Providers have taken a council to court over its care home fees for the second time in a year.
Devon Council is being challenged in a judicial review over the way it set care home fees for 2012-13 in a hearing today – five months after a court found that it failed to consult lawfully with providers on fees for 2011-12.
The providers bringing the latest challenge say the council failed to consult lawfully in its 2012-13 fee-setting process; that the process was not rational and was based on inaccurate figures; and that the authority failed to assess the impact of its decision on vulnerable groups, as required by the public sector equality duty.
The council froze its care home fees in 2010-11 and 2011-12 but has provided an increase of 6.6% for 2012-13. However, provider representative body the Devon Quality Care Forum (DQCF) said fee levels were not sufficient.
“We continue to hear from our members that providing high-quality care is incredibly difficult given the level of fees paid for local authority residents,” said DQCF member Alan Beale, who is managing director of South West Care Homes Ltd, a claimant in both judicial reviews.

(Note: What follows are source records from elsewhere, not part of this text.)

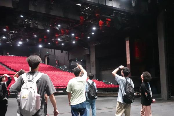 同学们走进演出《宋城千古情》的一号剧院,分成灯光、音响、舞台机械三个小组,轮流跟随剧场技术人员观摩《宋城千古情》灯光、音响及舞台机械设备的演示效果、操作原理,并动手体验。
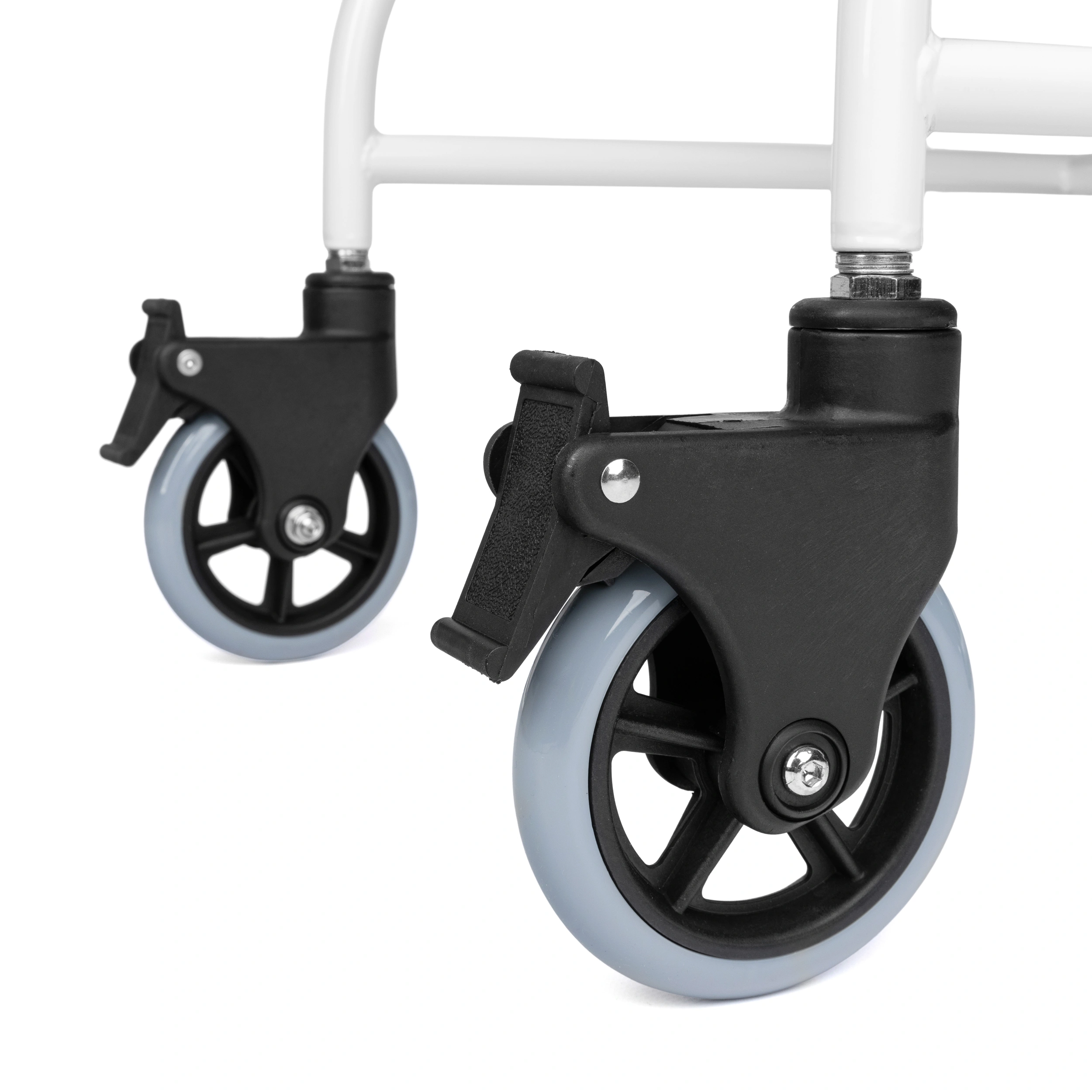 - Cztery obrotowe koła z hamulcami ułatwiające poruszanie się
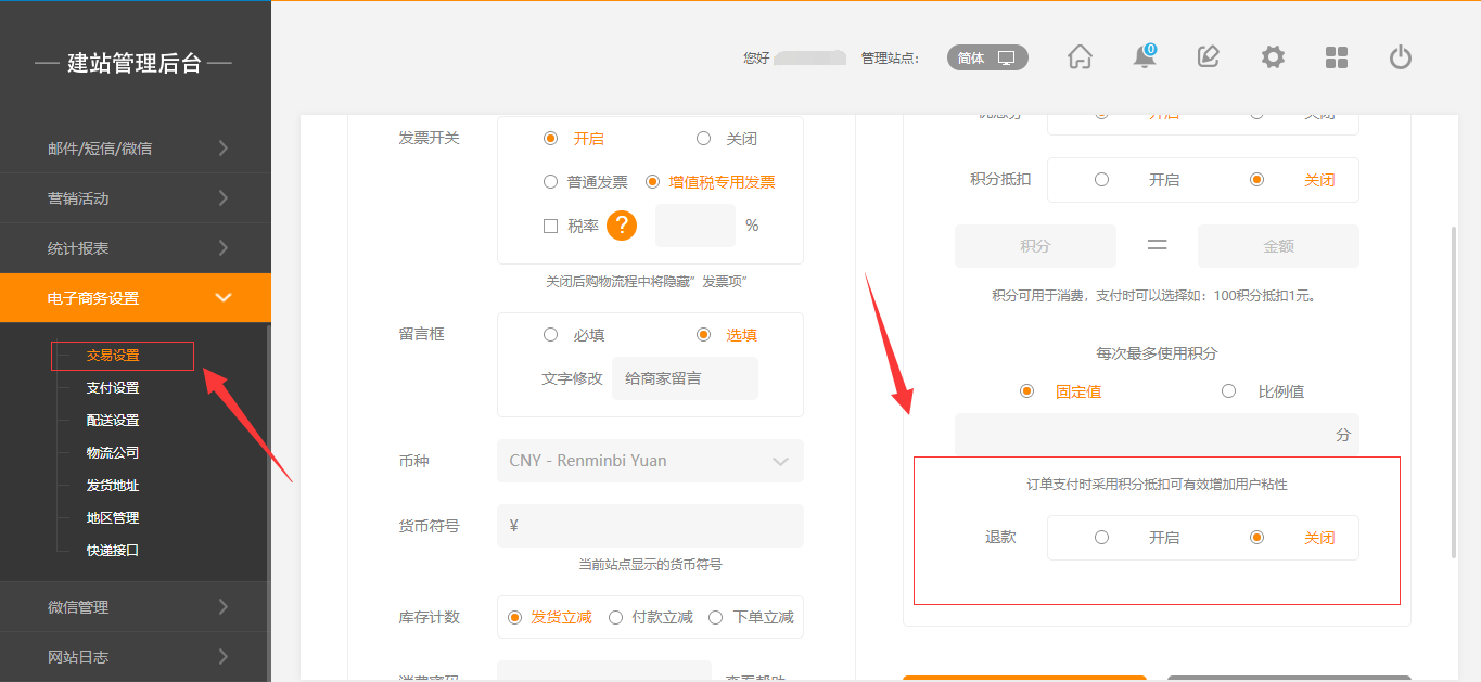 需營銷版本及以上在后臺,“電子商務(wù)設(shè)置”-“交易設(shè)置”中,有一個退款的操作,當開啟該操作時,在前臺用戶頁面可以直接申請退款,后臺消息提醒中也會有相應的提示,點擊“查看”即可(注:“退款”默認為關(guān)閉狀態(tài)),如圖所示:在線支付的訂單才能退款2.手機版與PC版操作一致,這里不做贅述。已收貨的訂單也可以申請退款點擊查看進入訂單詳情即可看到退款按鈕。如圖所示:1.支付后點擊退款余額和積分是否退回支付后,后臺點擊退款,余額和積分和優(yōu)惠劵是退回的。2020.11.12營銷版本(包含小程序)支持訂單退款新增微信原路退回功能1.在

However, a council spokesperson said: “We are disappointed that after receiving a 6.6 per cent rise in fees this year, these few home owners continue a costly legal dispute that we can ill-afford and that detracts from the business of meeting the care needs of vulnerable people in Devon.
“We believe that we have acted sensibly and fairly in determining fee levels and will contest the case vigorously. We will, of course, abide by any decision from the court.”
Unlawful lack of consultation
In the first judicial review, at the High Court in Birmingham in May, Mr Justice Singh rejected providers’ claims that the council had failed to have due regard to the cost of care in its decision to freeze fees in 2011-12.
However, he accepted their claim that Devon had not conducted a lawful consultation process because it failed to invite providers to comment on whether there should be an increase in fees for 2011-12, and only gave notice of the proposed fee freeze a week before it was ratified.
This was one of a string of cases in the past two years in which providers have successfully challenged councils’ fee-setting processes for care. However, unlike in other cases, Mr Justice Singh did not quash the fee freeze instituted by Devon in 2011-12 because of the costs and disruption that would ensue
The Equality and Human Rights Commission has intervened in the latest judicial review to make clear the law surrounding the public sector equality duty.
“We hope that this case will highlight the importance of local authorities considering all service user needs under the Equality Act 2010,” said John Wadham, group director legal at the EHRC. “If local authorities identify any potential adverse effects on ‘protected groups’ such as older and disabled care home residents, they need to be able to show these have been considered before putting plans into action.”
Today’s hearing takes place at Cardiff Administrative Court. Besides South West Care Homes Ltd, the other claimants are South West Residential Homes Ltd (a wholly-owned subsidiary of South West Care Homes Ltd), Forde Park Care and Chartbeech Ltd.